BANQUET CHEF DIMITRIOS VAGENAS
Dimitrios Vagenas was born in Greece but elatedly accepted the opportunity to come to Texas in 2014. At a young age in 1999, he started working in his family business for 10 years before moving to the kitchen where he gained his culinary passion. He studied culinary art for two years at Chef D'Oeuvre Culinary School in Greece, where he was distinguished as the top student and won a scholarship to continue his studies in food and beverage management.

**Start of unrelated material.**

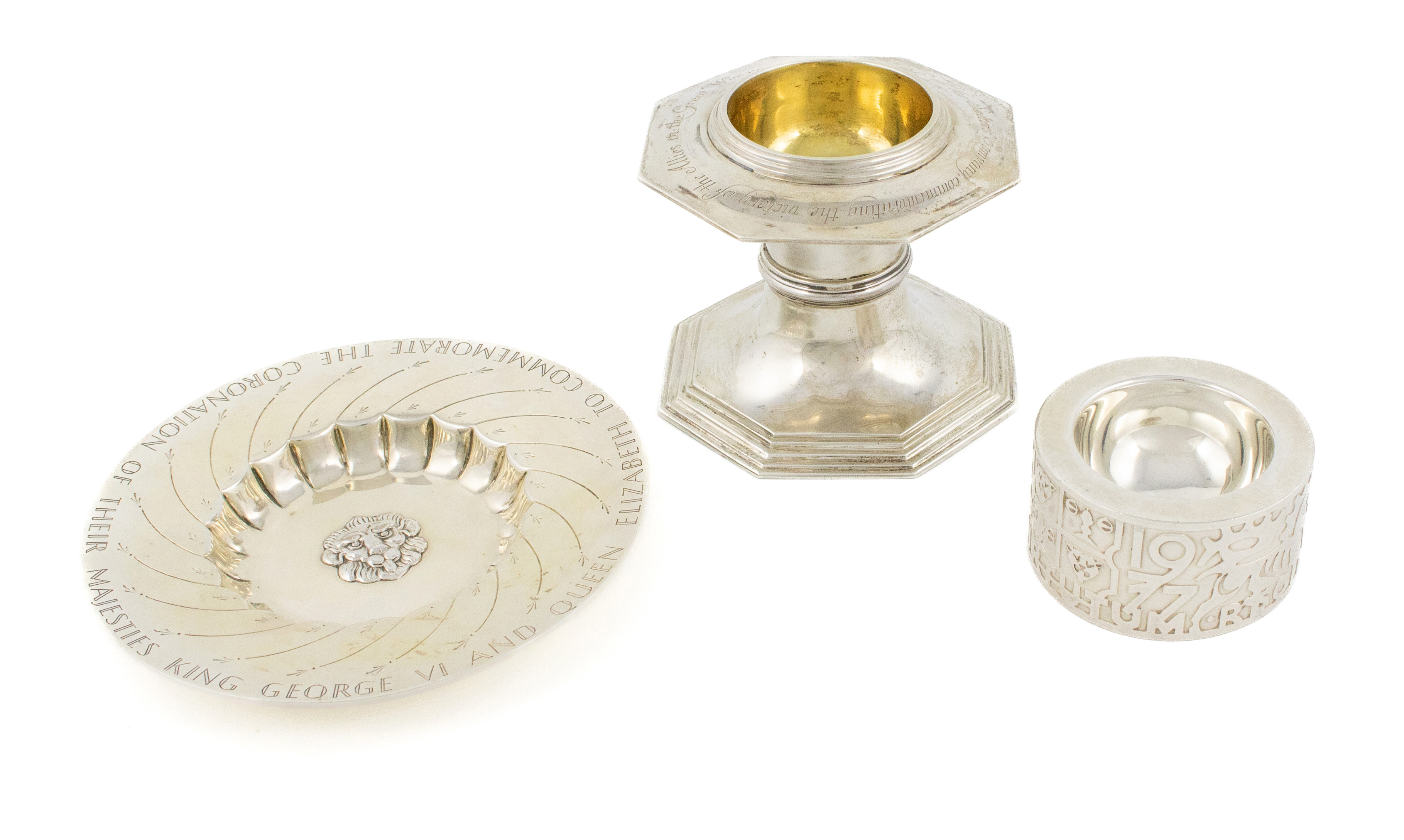 raised octagonal form, with a central gilded bowl, inscribed 'The Gift of the Salters' Company, commemorating the victory of the Allies in the Great War 1914-1918', with an engraved armorial above the stepped base, plus a George VI commemorative coronation dish and a silver salt designed by Alex Styles for the 650th anniversary of the Goldsmiths, London 1977, total approx. weight 14.9oz. (3)

He made his first professional steps at Cape Sounio Grand Resort and other notable hotels in Greece. Vagenas combined his passion for cooking and traveling by exploring local tastes in Italy, England and France. In 2013, Chef Vagenas worked as Sous Chef at Viking River Cruises in Southern France before we were lucky enough to gain him as a Kitchen Supervisor in 2014. He quickly rose to become our Banquet Chef just a short year and a half later in 2015. Besides coordinating all banquet meals and ensuring each plate meets his standards, Vagenas enjoys cooking for his friends and traveling the world exploring different local cuisines.
PASTRY CHEF KRISTINA KENT
Kristina graduated with honors from The Culinary School at The Art Institute with an associate’s degree in baking and pastry. Kristina was a pastry cook for Legends Hospitality at Cowboys Stadium during the 2010-2011 football season, and helped prepare over 90,000 pastries for Super Bowl XLV. Upon graduating from culinary school, Kristina took a position as an assistant at Chocolate Secrets in Dallas. After three months, Kristina was promoted to Pastry Sous Chef where she was responsible for production of the signature bonbon collection, as well as creation of new flavors and teaching chocolate and wine classes. Kristina’s work on chocolate and bonbons were featured on the cover of D Magazine.
Kristina left Chocolate Secrets in November of 2012 to take a position as pastry cook at Texas Spice restaurant in Omni Dallas Hotel where she was responsible for production of all pastries and desserts. Kristina was promoted to Pastry Sous Chef of Omni Dallas Hotel in June 2012.